## Problem to solve
Transcribe all of the data exactly. Omit the pictures.

## Available data
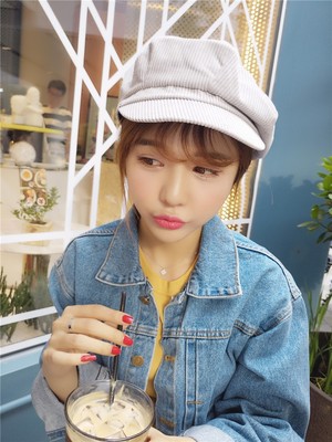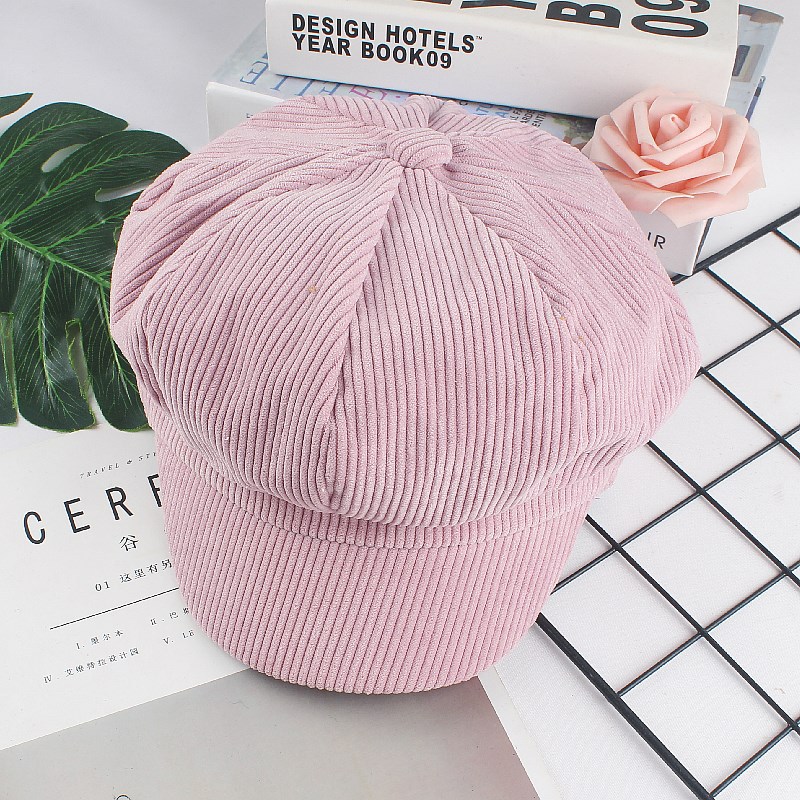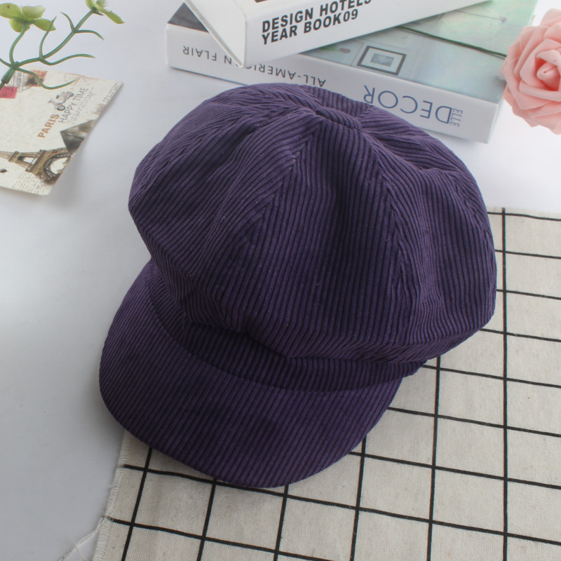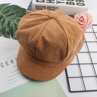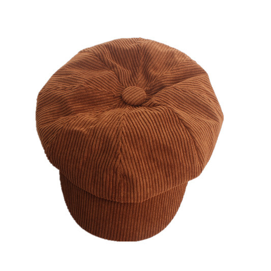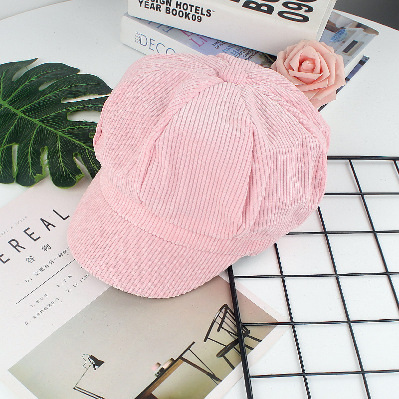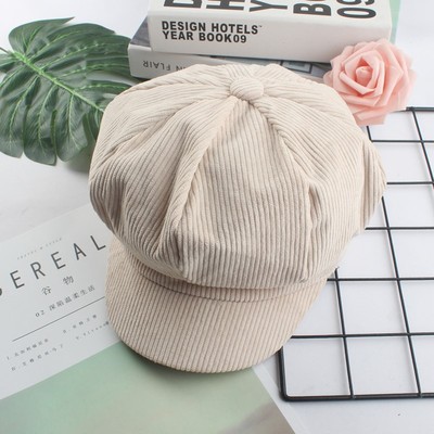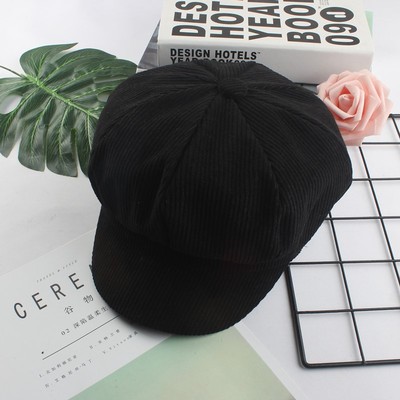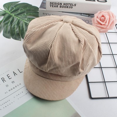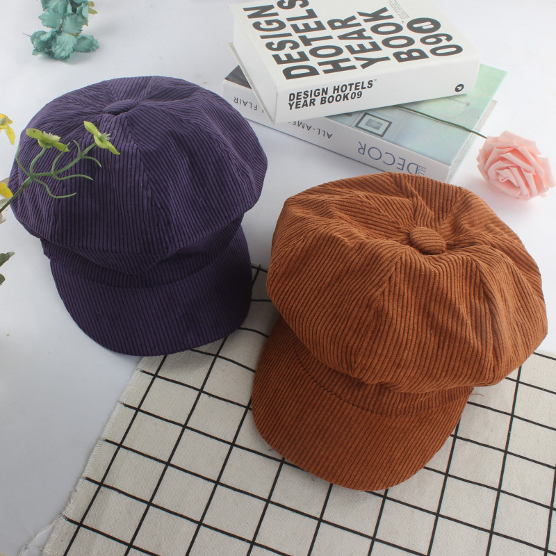 新款文艺清新灯芯绒鸭舌帽子秋冬男女潮八角帽韩版画家帽子贝雷帽
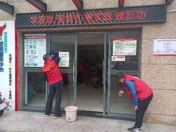 区民政局一行人到豫章街道东濠街社区开展“党建+环境卫生大扫除”活动。
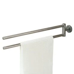 Het Tiger Dubbel Handdoekrek Boston met Draaibare Armen RVS van de accessoire serie Boston is uitgevoerd in geborsteld RVS, en is ook verkrijgbaar in glanzend RVS. Dit product kan uitsluitend worden bevestigd met de meegeleverde schroeven. Er zijn van deze serie diverse sanitair accessoires verkrijgbaar. Dit product maakt deel uit van het Boston totaalconcept, dat verder bestaat uit kranen, badmeubelen, douche accessoires en douchecabines, alles in de Boston stijl.
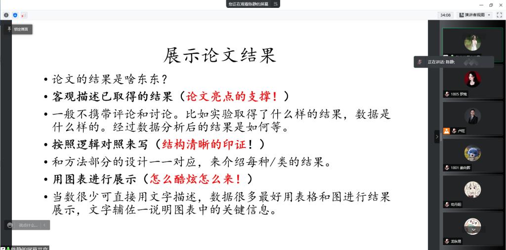 接下来陈静老师就论文查重、修改、答辩等事宜做出了具体指导。陈静老师首先提醒同学们要重视论文成果的表现形式,应该客观描述已取得的结果,重视写作逻辑与图表展示;其次指出同学们在写作时要注重丰富论文的结论,结论是论文的精髓和归宿,要具有有说服力和完备性;最后也强调要塑造完整的论文体系,只有重视论文逻辑性,才能做出优秀成果。

## Output below
 新款文艺清新灯芯绒鸭舌帽子秋冬男女潮八角帽韩版画家帽子贝雷帽
 区民政局一行人到豫章街道东濠街社区开展“党建+环境卫生大扫除”活动。
 Het Tiger Dubbel Handdoekrek Boston met Draaibare Armen RVS van de accessoire serie Boston is uitgevoerd in geborsteld RVS, en is ook verkrijgbaar in glanzend RVS. Dit product kan uitsluitend worden bevestigd met de meegeleverde schroeven. Er zijn van deze serie diverse sanitair accessoires verkrijgbaar. Dit product maakt deel uit van het Boston totaalconcept, dat verder bestaat uit kranen, badmeubelen, douche accessoires en douchecabines, alles in de Boston stijl.
 接下来陈静老师就论文查重、修改、答辩等事宜做出了具体指导。陈静老师首先提醒同学们要重视论文成果的表现形式,应该客观描述已取得的结果,重视写作逻辑与图表展示;其次指出同学们在写作时要注重丰富论文的结论,结论是论文的精髓和归宿,要具有有说服力和完备性;最后也强调要塑造完整的论文体系,只有重视论文逻辑性,才能做出优秀成果。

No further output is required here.